_EXERCISE:_ Restate each line below word for word, skipping every picture.

_DATA SECTION:_
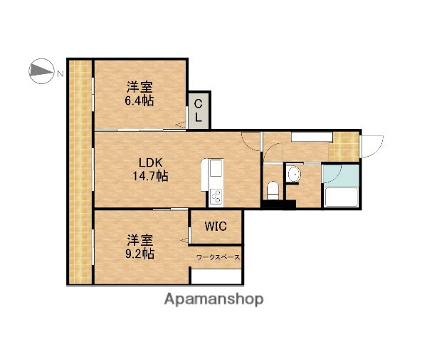 | 間取り | 2LDK(洋9.2 洋6.4 LDK14.7) | 築年月(築年数) | 2024年8月(築1年5ヶ月) |
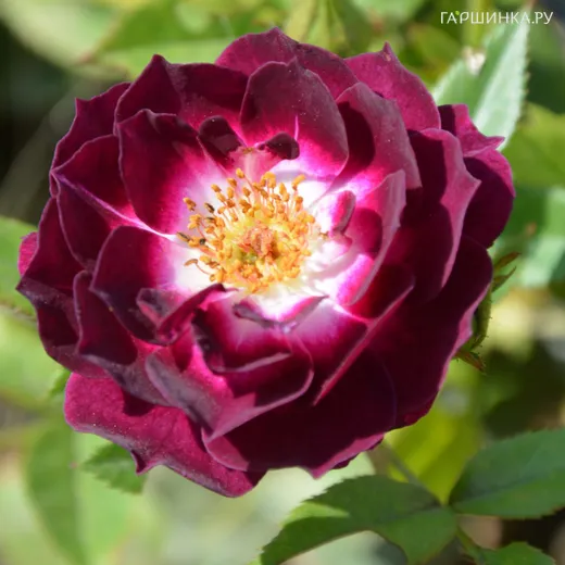 Роза Даймонд Айс, Викс (лиц) Открытые чашевидные темно-фиолетовые с белым пятном и пучком тычинок в центре цветки. Реверс лепестков чуть светлее внутренней окраски. Сильный аромат. Цветение волнами в течение сезона. Куст густой, компактный, с мелкой, темно-зеленой, глянцевой листвой.
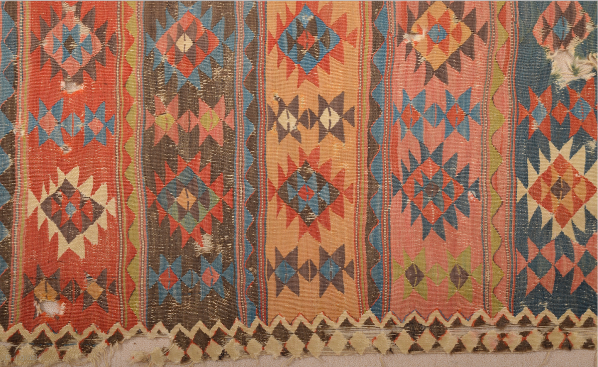 19th Century lovely colorful Shahsevan kilim. It has great colors they are all natural and deep great colors. Good condition we can say ıt has some holes you can see condition easily from images size 155 x 330 cm
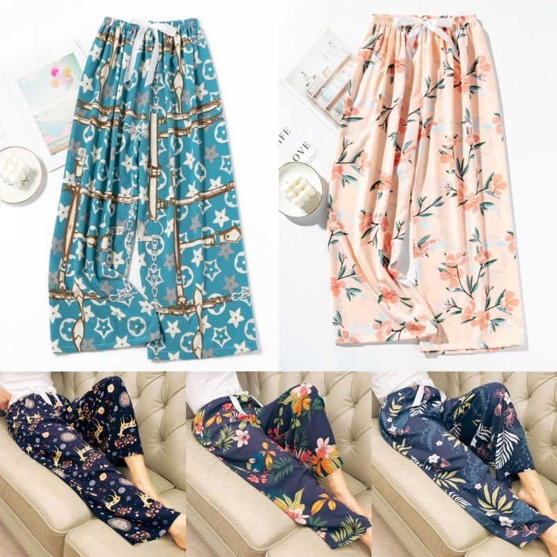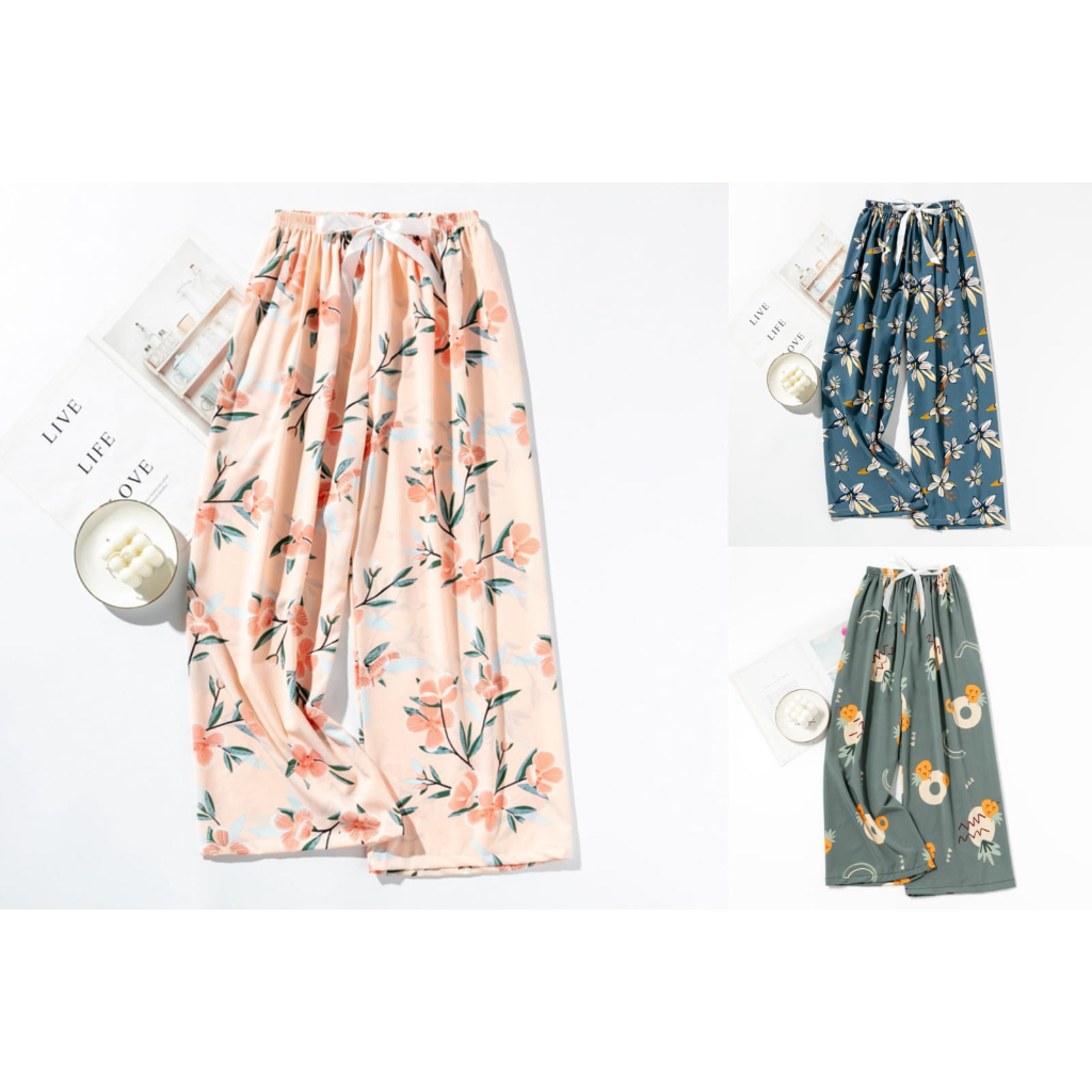 Detail celana tidur kulot wanita rayon premium aksen pita all size motif bali

_RESULT OF THIS TASK:_
 | 間取り | 2LDK(洋9.2 洋6.4 LDK14.7) | 築年月(築年数) | 2024年8月(築1年5ヶ月) |
 Роза Даймонд Айс, Викс (лиц) Открытые чашевидные темно-фиолетовые с белым пятном и пучком тычинок в центре цветки. Реверс лепестков чуть светлее внутренней окраски. Сильный аромат. Цветение волнами в течение сезона. Куст густой, компактный, с мелкой, темно-зеленой, глянцевой листвой.
 19th Century lovely colorful Shahsevan kilim. It has great colors they are all natural and deep great colors. Good condition we can say ıt has some holes you can see condition easily from images size 155 x 330 cm
 Detail celana tidur kulot wanita rayon premium aksen pita all size motif bali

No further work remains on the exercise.